> Provided records:
___

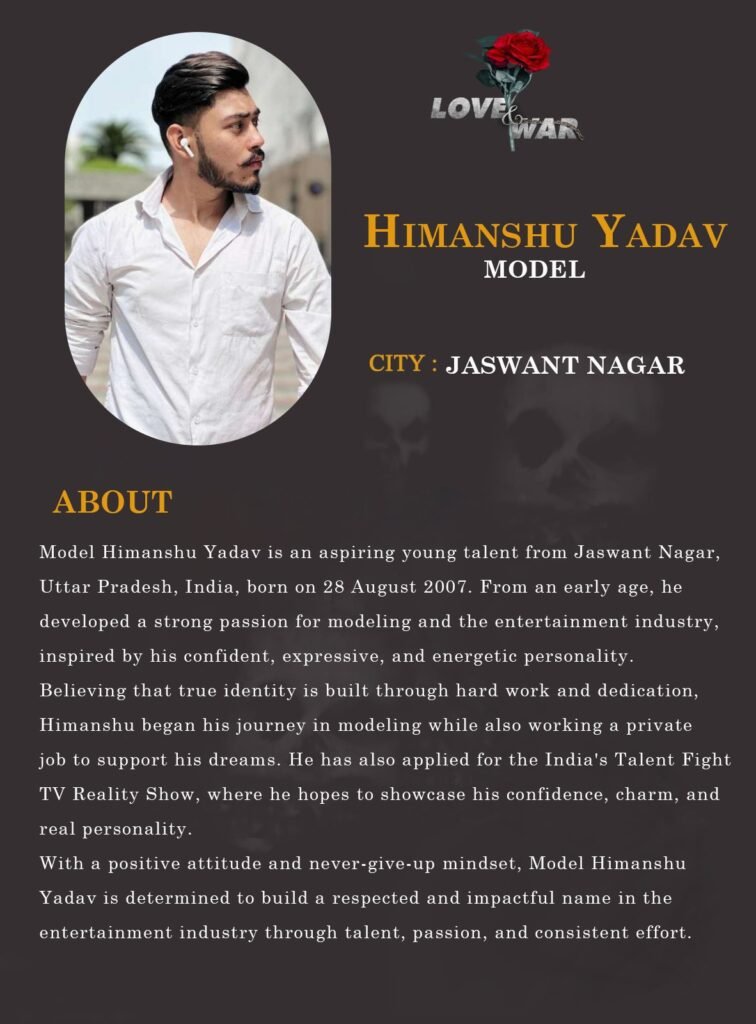 Model Himanshu Yadav is an aspiring young talent from Jaswant Nagar, Uttar Pradesh, India, born on 28 August 2007. From an early age, he developed a strong passion for modeling and the entertainment industry, inspired by his confident, expressive, and energetic personality.
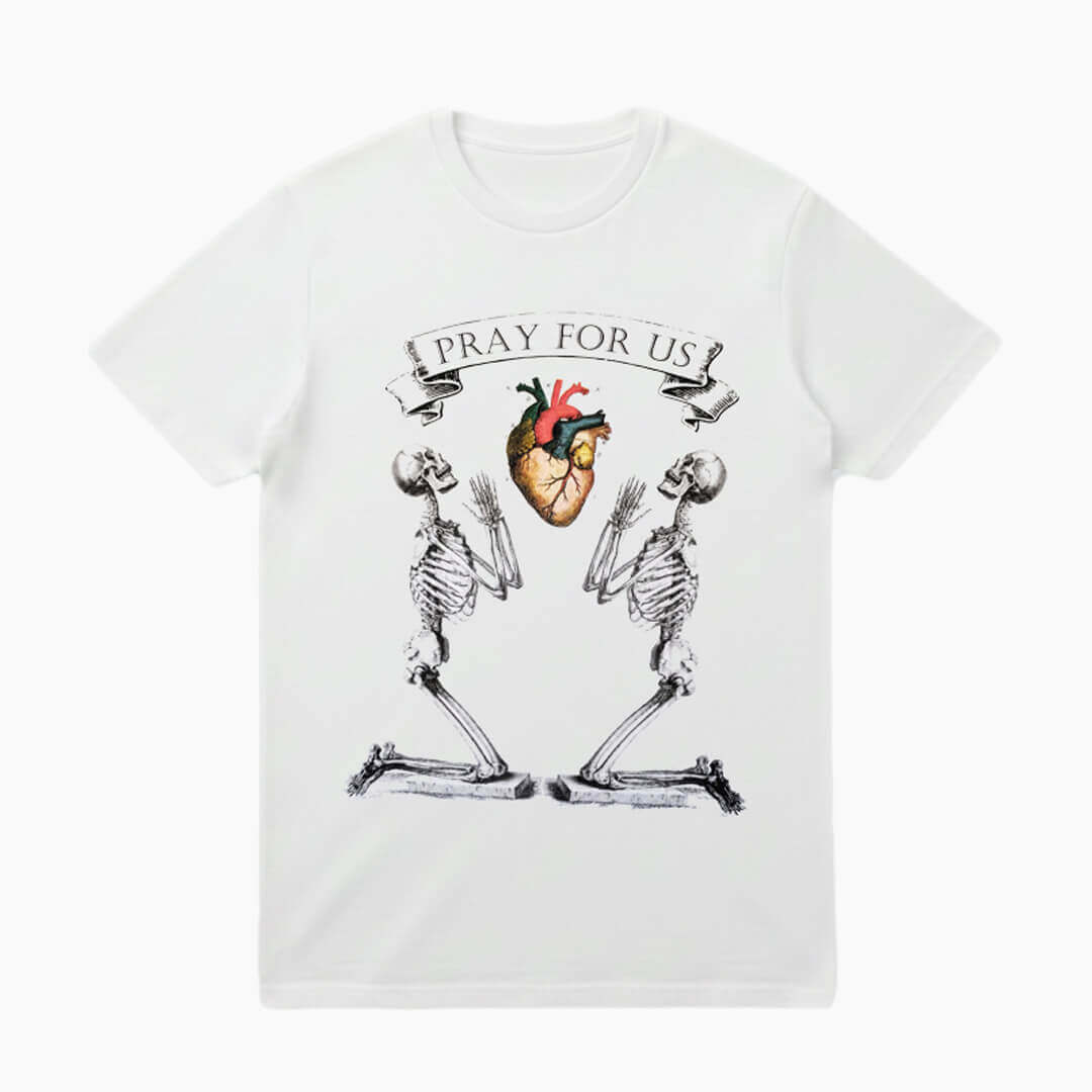 Destaque: Estampa "Pray For Us" com alta riqueza de detalhes anatômicos.
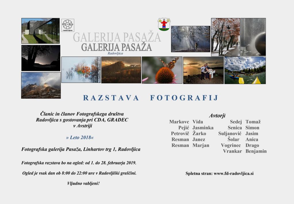 V fotografski galeriji Pasaža, Radovljiška graščina, Linhartov trg 1, Radovljica v mesecu februarju 2019 razstavljajo članice in člani Fotografskega društva Radovljica s barvnimi in črno-belimi fotografijami z razstave v Gradcu, Avstrijska Štajerska pod naslovom Leto 2018. Vljudno vabljeni k ogledu!
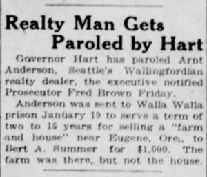 Anderson was convicted on April 27, 1918 and sentenced for 5-15 years for Grand Larceny, a charge that he appealed. His case was heard on appeal by the Washington State Supreme Court (Case 15146) on December 2, 1919 and was turned down. The next month, he appeared at the Washington State Penitentiary at Walla Walla to serve his term, which began on January 19th. After only one week—on January 27th, 1920—Washington Governor Louis F. Hart paroled him without explanation:
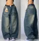 Y2K Jeans Gothic Embroidered Casual Laundry Jeans Mens Retro Street Clothing Hip Hop Loose Fashion High Waist Straight
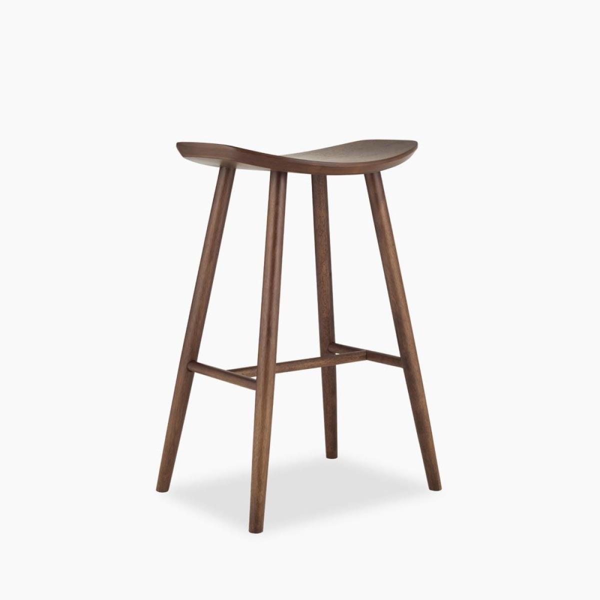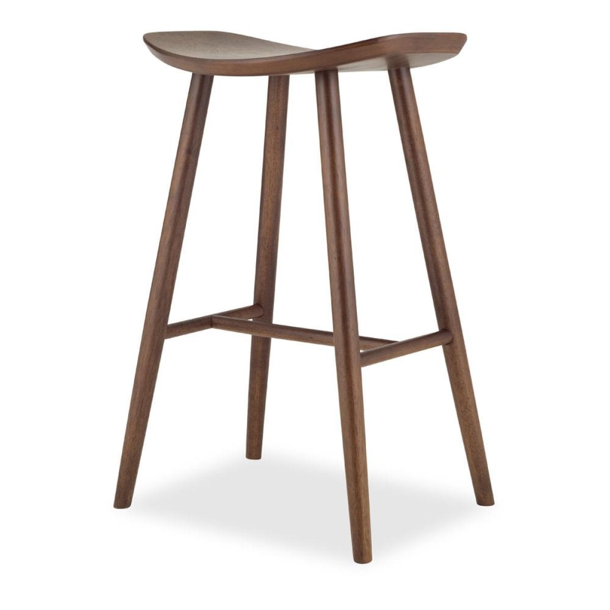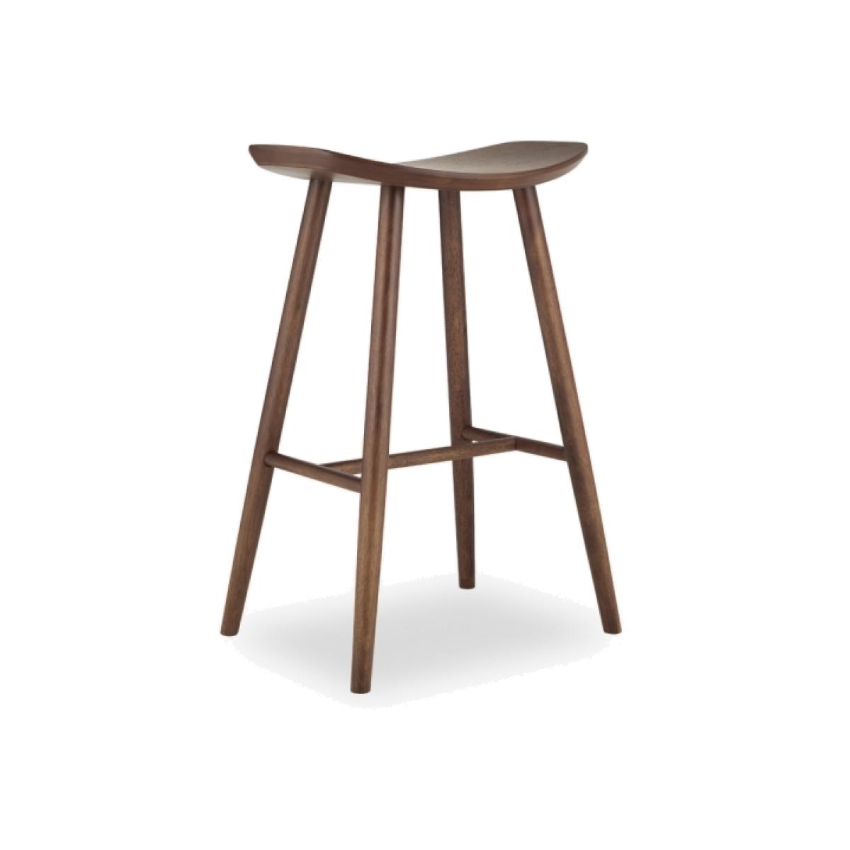 A chic addition to your breakfast bar, counter or kitchen island, this Hatton wooden bar stool in walnut gives a burst of style to any dining space. Defined by a smooth saddle seat and tapered legs, with a built-in footrest, this modern stool makes the ideal bar furniture for everyday meals with the family or catching up with friends over a drink. Available in a range of colours and sizes - our Hatton creates the perfect dining and lounge experience when paired with pendants lights or a bar table of your choice. Note:Wooden furniture will vary in grain pattern, texture and colour. These natural qualities of the wood used makes this material unique and beautiful.
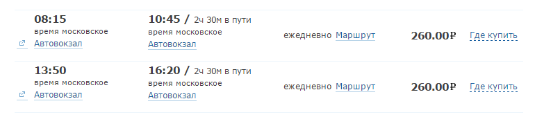 Между городами ходит два ежедневных автобуса (отправляются в 08:15 и 13:50). Едут они до места назначения 2 часа 30 минут, билет же покупается за 250 рублей.
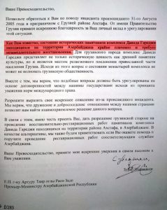 აზერბაიჯანელი კოლეგისთვის გაგზავნილ ოფიციალურ წერილში მაშინდელი პრემიერი ზურაბ ნოღაიდელი დავით გარეჯს აზერბაიჯანის ტერიტორიაზე მდებარე ძეგლად მოიხსენიებს, რომელიც რესტავრაციას საჭიროებს.
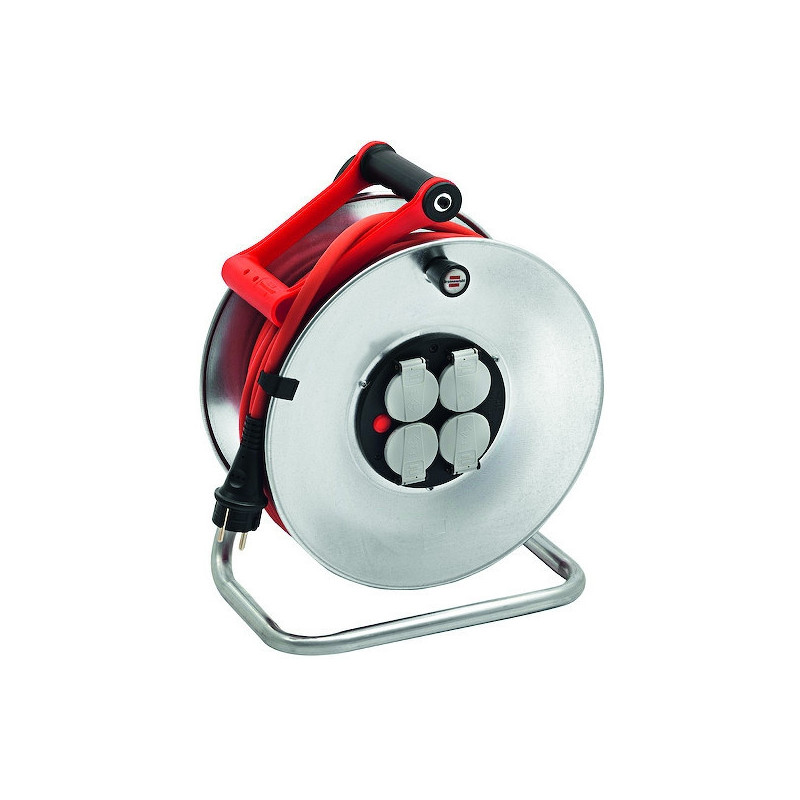4 prises 2P+T 16A/230V à clapets.Poignée de transport ergonomique avec guide-câble.Bouton tournant.Puissance maxi : câble déroulé 3500W. câble non déroulé 1000W.Disjoncteur thermique.Garantie 3 ans
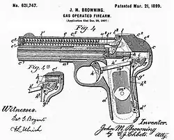 - ^ According to the Browning Firearms Museum, see https://i.imgur.com/X6Pn4BX.jpeg; U.S. patent 621,747 was only applied for in December 1897
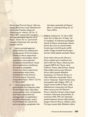 kepada para tokoh Papua dan 2009:110-111). hukum, dan belum sepenuhnya Papua dalam penyusunan Otonomi
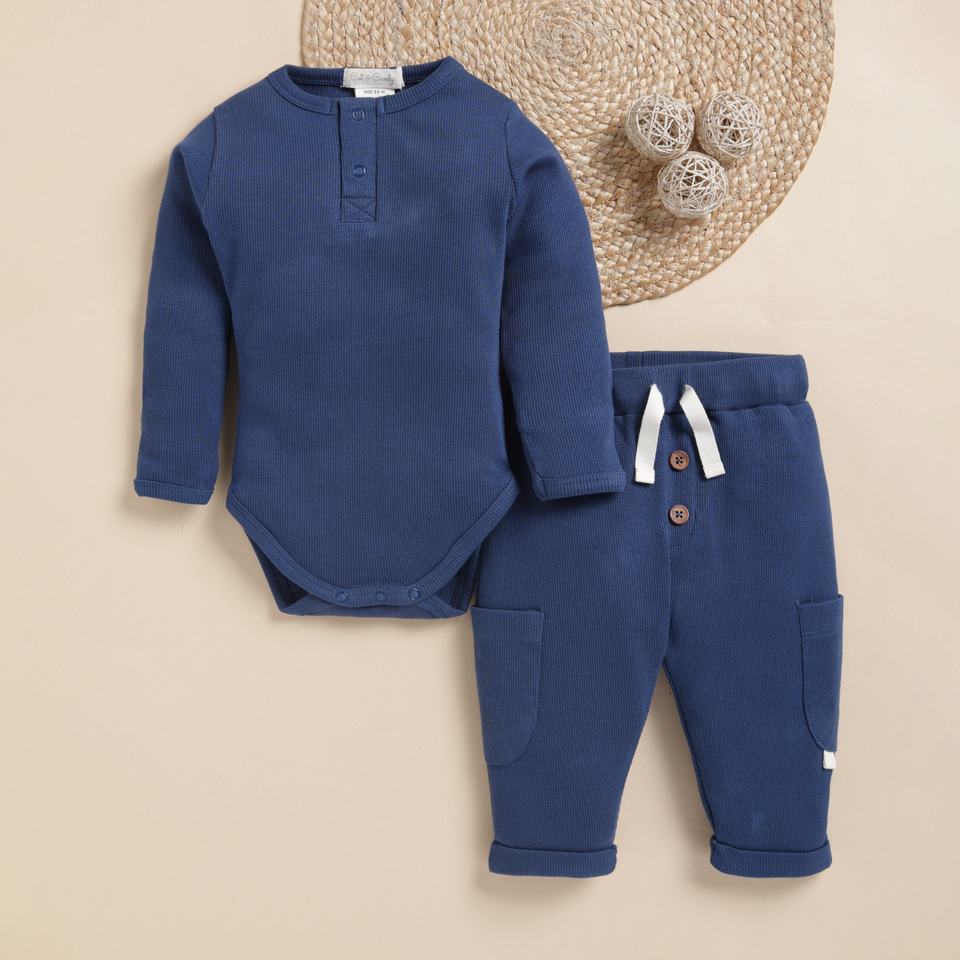 Premium Quality Organic Bamboo Elastane Long Sleeve Bodysuit With Drawstring Leggings - Navy

___

An exact transcription of the data above is needed, without the pictures.

 Model Himanshu Yadav is an aspiring young talent from Jaswant Nagar, Uttar Pradesh, India, born on 28 August 2007. From an early age, he developed a strong passion for modeling and the entertainment industry, inspired by his confident, expressive, and energetic personality.
 Destaque: Estampa "Pray For Us" com alta riqueza de detalhes anatômicos.
 V fotografski galeriji Pasaža, Radovljiška graščina, Linhartov trg 1, Radovljica v mesecu februarju 2019 razstavljajo članice in člani Fotografskega društva Radovljica s barvnimi in črno-belimi fotografijami z razstave v Gradcu, Avstrijska Štajerska pod naslovom Leto 2018. Vljudno vabljeni k ogledu!
 Anderson was convicted on April 27, 1918 and sentenced for 5-15 years for Grand Larceny, a charge that he appealed. His case was heard on appeal by the Washington State Supreme Court (Case 15146) on December 2, 1919 and was turned down. The next month, he appeared at the Washington State Penitentiary at Walla Walla to serve his term, which began on January 19th. After only one week—on January 27th, 1920—Washington Governor Louis F. Hart paroled him without explanation:
 Y2K Jeans Gothic Embroidered Casual Laundry Jeans Mens Retro Street Clothing Hip Hop Loose Fashion High Waist Straight
 A chic addition to your breakfast bar, counter or kitchen island, this Hatton wooden bar stool in walnut gives a burst of style to any dining space. Defined by a smooth saddle seat and tapered legs, with a built-in footrest, this modern stool makes the ideal bar furniture for everyday meals with the family or catching up with friends over a drink. Available in a range of colours and sizes - our Hatton creates the perfect dining and lounge experience when paired with pendants lights or a bar table of your choice. Note:Wooden furniture will vary in grain pattern, texture and colour. These natural qualities of the wood used makes this material unique and beautiful.
 Между городами ходит два ежедневных автобуса (отправляются в 08:15 и 13:50). Едут они до места назначения 2 часа 30 минут, билет же покупается за 250 рублей.
 აზერბაიჯანელი კოლეგისთვის გაგზავნილ ოფიციალურ წერილში მაშინდელი პრემიერი ზურაბ ნოღაიდელი დავით გარეჯს აზერბაიჯანის ტერიტორიაზე მდებარე ძეგლად მოიხსენიებს, რომელიც რესტავრაციას საჭიროებს.
4 prises 2P+T 16A/230V à clapets.Poignée de transport ergonomique avec guide-câble.Bouton tournant.Puissance maxi : câble déroulé 3500W. câble non déroulé 1000W.Disjoncteur thermique.Garantie 3 ans
 - ^ According to the Browning Firearms Museum, see https://i.imgur.com/X6Pn4BX.jpeg; U.S. patent 621,747 was only applied for in December 1897
 kepada para tokoh Papua dan 2009:110-111). hukum, dan belum sepenuhnya Papua dalam penyusunan Otonomi
 Premium Quality Organic Bamboo Elastane Long Sleeve Bodysuit With Drawstring Leggings - Navy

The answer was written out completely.